* Data block:
+ + + +

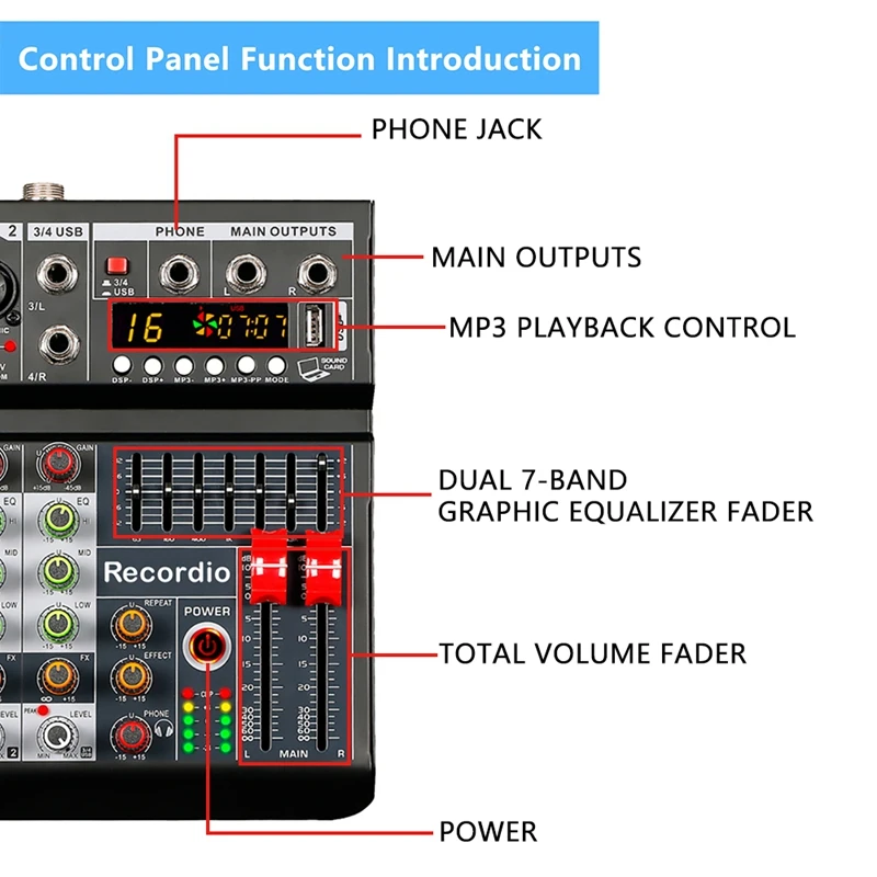 GAX-MM4 мини 4-канальный USB аудио Миксер с Blueteeth Функция 48V фантазия Мощность мульти-Функция смеситель штепсельная вилка европейского стандарта
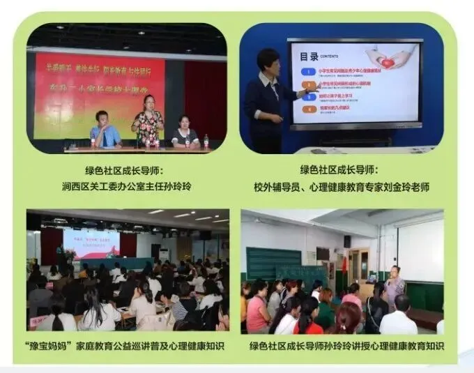 聘请涧西区关工委主任孙玲玲为绿色社区成长导师,开展“豫宝妈妈”家庭教育公益巡讲,推动家校社协同育人,用心用情促进儿童健康成长、全面发展。
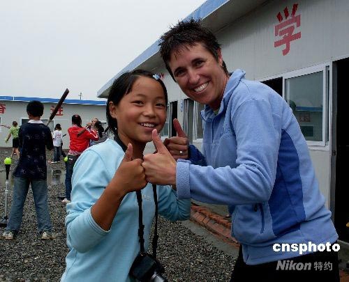 圖:美國(guó)職業(yè)女壘隊(duì)在綿竹鼓勵(lì)災(zāi)區(qū)學(xué)生

+ + + +

* Your instructions: Write out the data once more exactly, omitting the pictures.

* Solution to this task:
 GAX-MM4 мини 4-канальный USB аудио Миксер с Blueteeth Функция 48V фантазия Мощность мульти-Функция смеситель штепсельная вилка европейского стандарта
 聘请涧西区关工委主任孙玲玲为绿色社区成长导师,开展“豫宝妈妈”家庭教育公益巡讲,推动家校社协同育人,用心用情促进儿童健康成长、全面发展。
 圖:美國(guó)職業(yè)女壘隊(duì)在綿竹鼓勵(lì)災(zāi)區(qū)學(xué)生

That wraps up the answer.